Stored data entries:
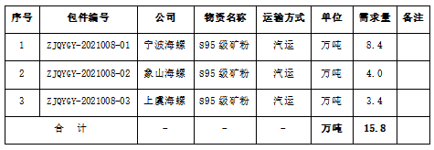 3、采購數(shù)量:礦粉合計15.8萬噸。
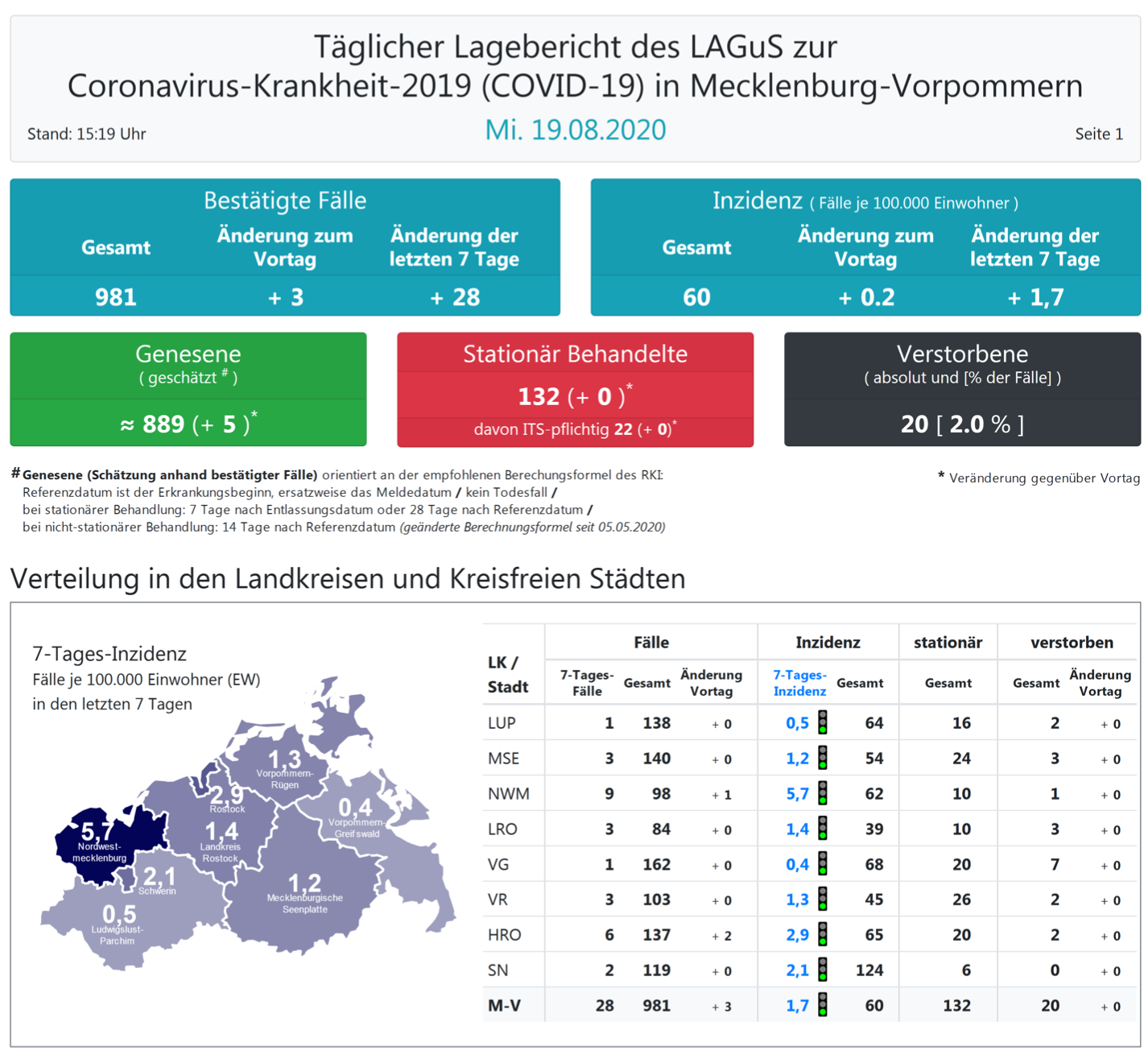 Laut einer Schätzung des Robert Koch-Instituts (RKI) sind in Mecklenburg-Vorpommern 889 (+5) der positiv getesteten Menschen von einer Covid-19-Erkrankung genesen. Insgesamt gab es bislang 20 Todesfälle im Land.
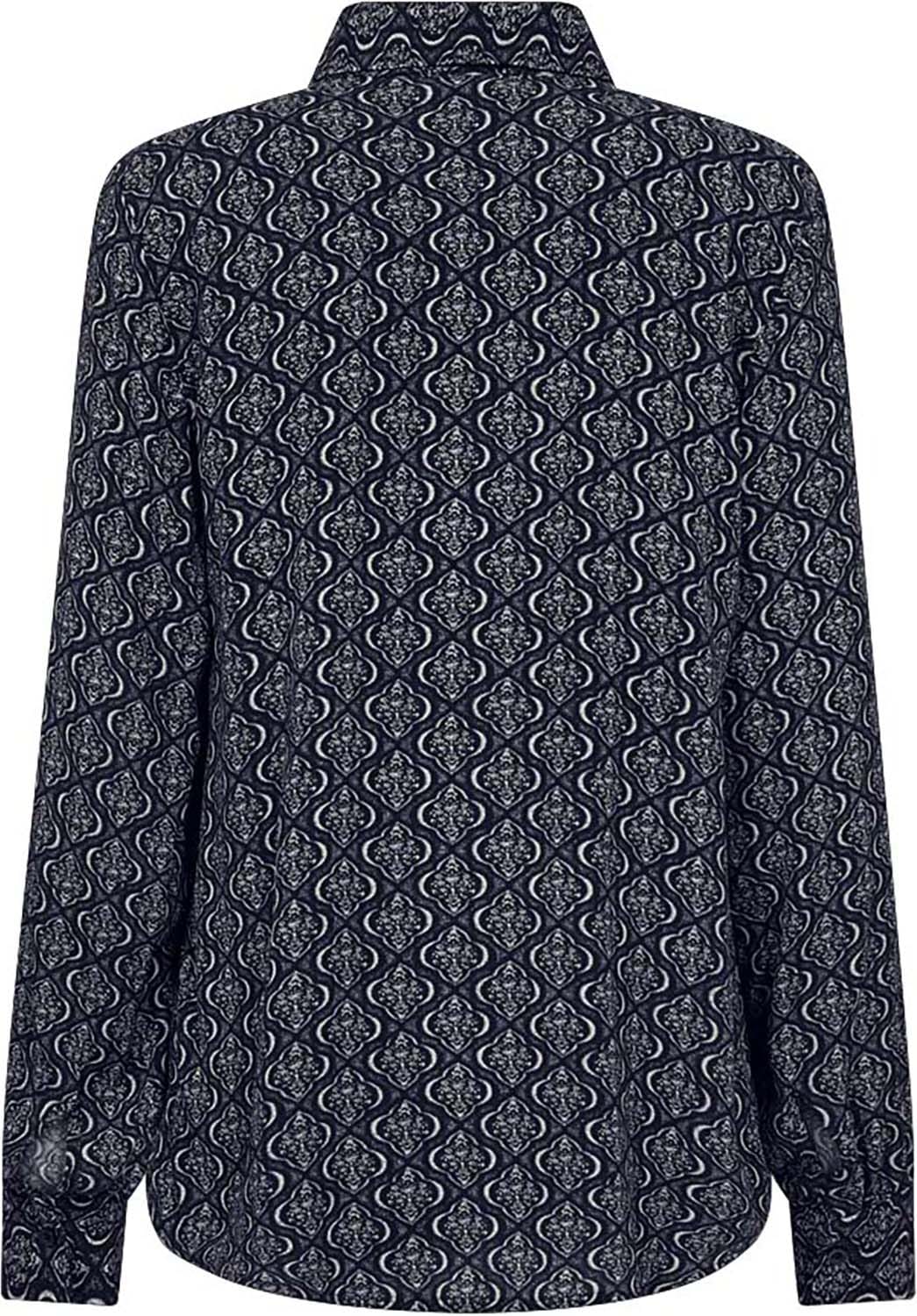 De Blouse Lovy van Freequent is een stijlvolle bohemian blouse met lange mouwen en een kent kraag. De all-over print en knoopsluiting geven het een unieke uitstraling. Perfect voor elke gelegenheid, dit kledingstuk combineert comfort met mode in een prachtig ontwerp.
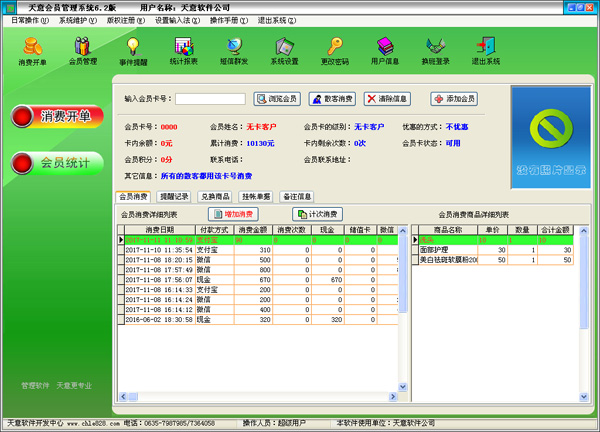 天意會員管理系統(tǒng)是一套功能強大的會員管理系統(tǒng)(會員卡管理系統(tǒng)、客戶管理系統(tǒng)),軟件將會員消費、會員基本信息以及各種查詢統(tǒng)計等緊密結(jié)合起來,操作簡單方便,界面美觀大方,能滿足如銷售、餐飲、美容、服務(wù)等行業(yè)進行會員制管理、會員卡管理、會員積分管理、會員消費積分管理的需求,科學(xué)的管理方法會給您帶來更多的效益,天意會員管理系統(tǒng)是您工作的好幫手。整套系統(tǒng)功能強大,界面直觀,操作方便,價格低廉,可廣泛應(yīng)用于各類會員管理部門。
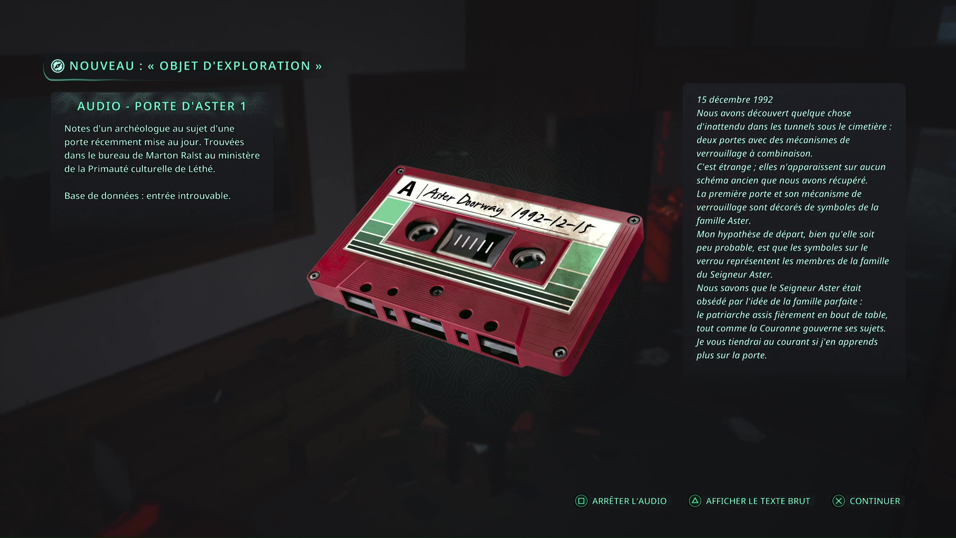 Pour trouver la combinaison normalement, il faut récupérer trois enregistrements. L’Audio – Porte d’Aster 1 se trouve à Lethé – Ministère de la Primauté culturelle. Dans le bâtiment, et dans la pièce où est pendu Marton Ralst, juste à droite en entrant et sur une étagère, vous trouverez l’enregistrement.
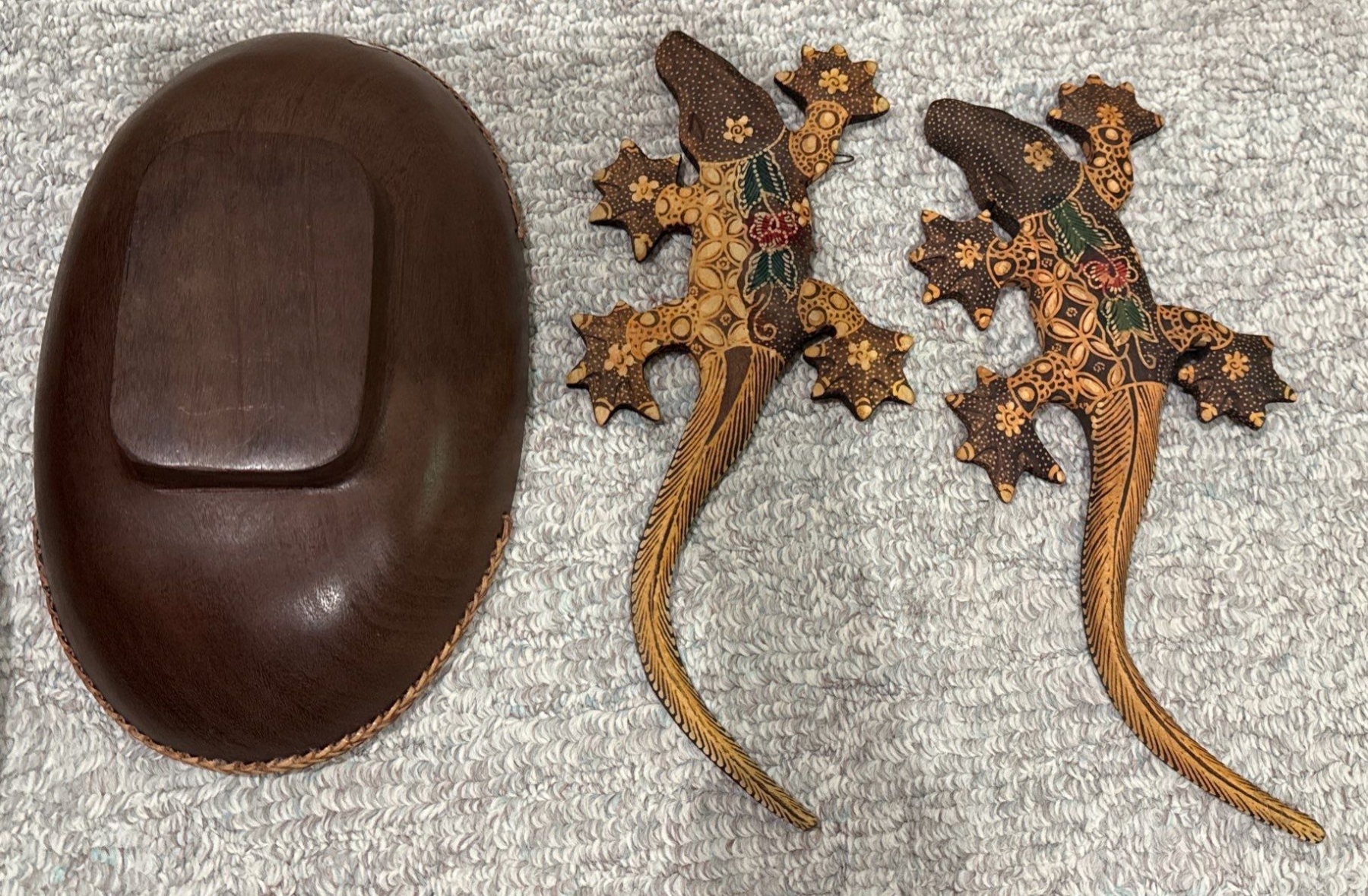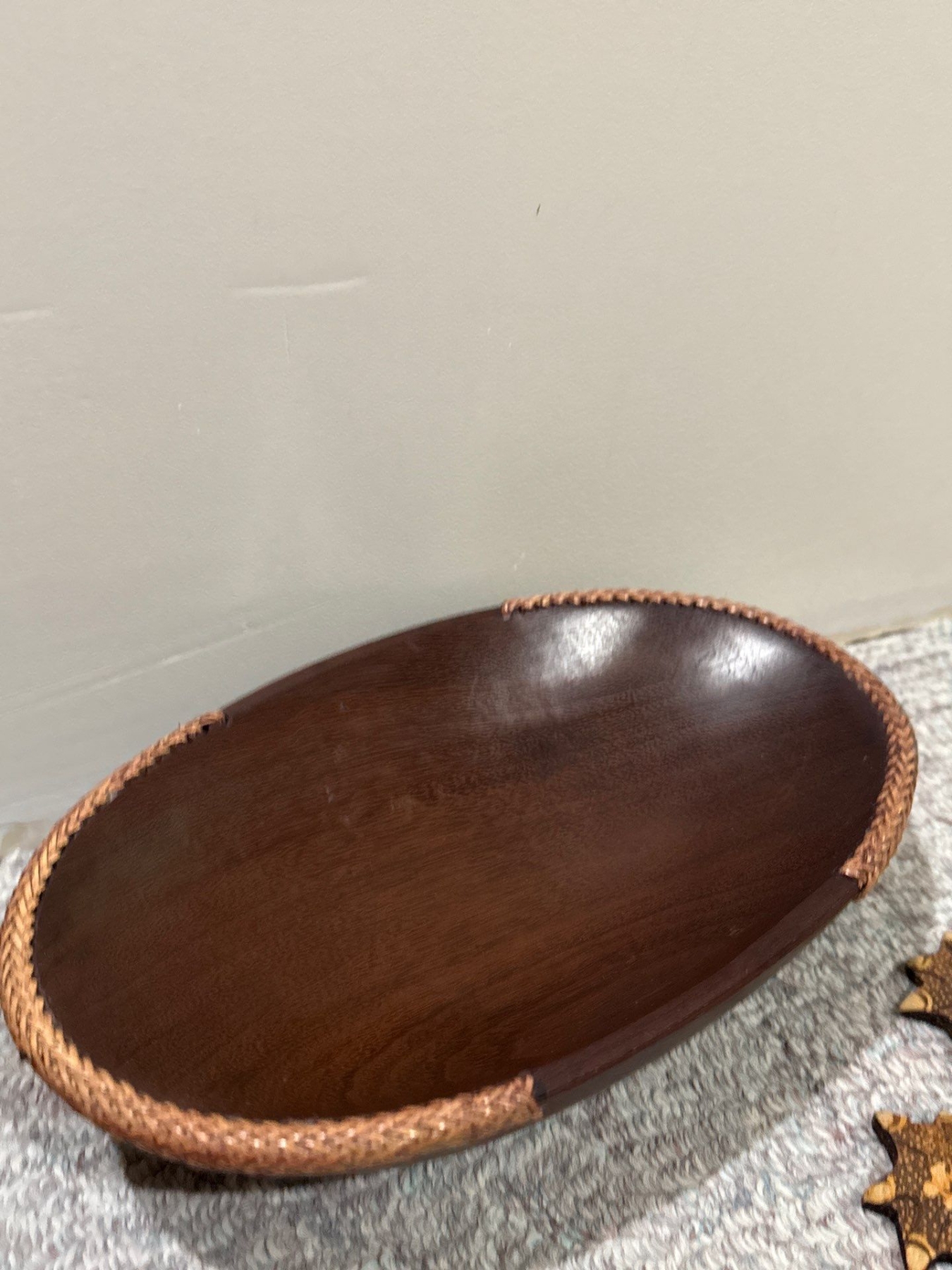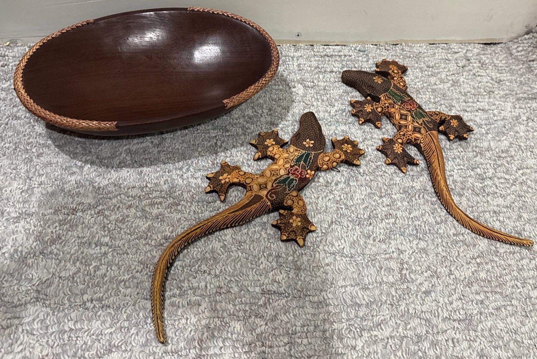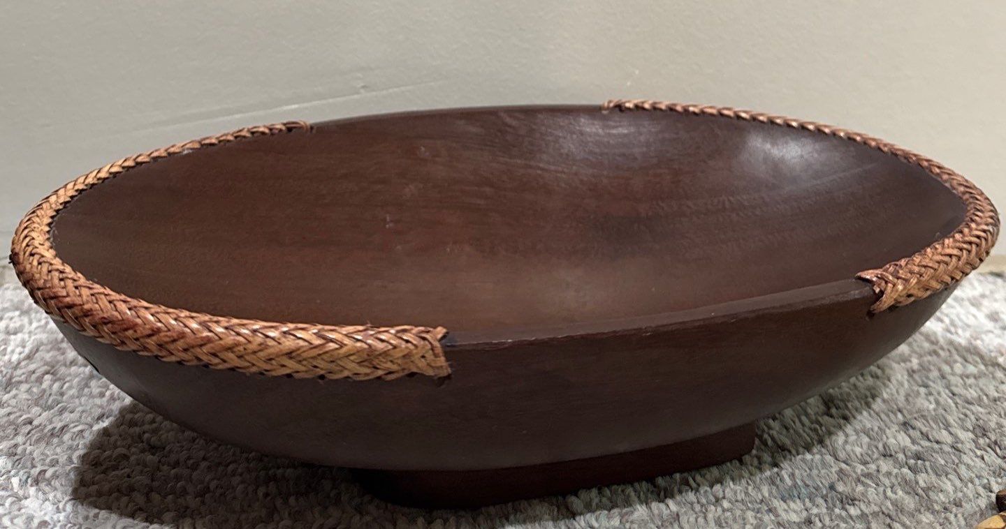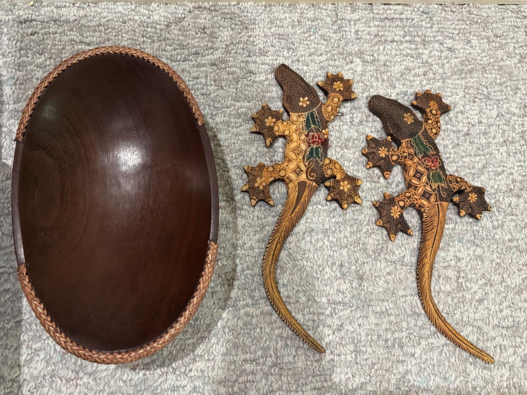 Gorgeous Ironwood Tribal Bowl, Wicker Rim, Borneo - 10.5L w/ Malaysian Hand Painted Lizards
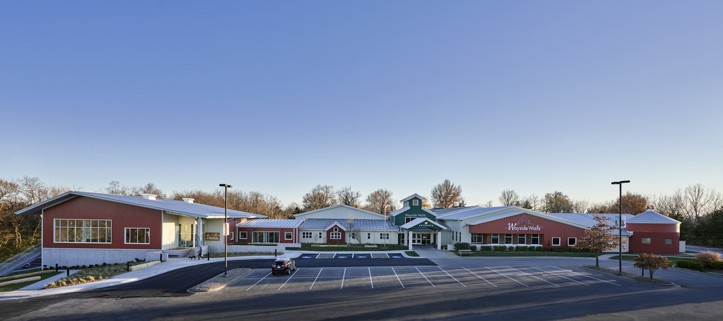 The color palette broadens the existing shelter's vibrance and rural agricultural architecture.

#### Task goal
Beginning with the line that contains "Gorgeous Ironwood Tribal" and ending with the last line of the data, restate each line word for word. Exclude the pictures.

#### Exercise response
 Gorgeous Ironwood Tribal Bowl, Wicker Rim, Borneo - 10.5L w/ Malaysian Hand Painted Lizards
 The color palette broadens the existing shelter's vibrance and rural agricultural architecture.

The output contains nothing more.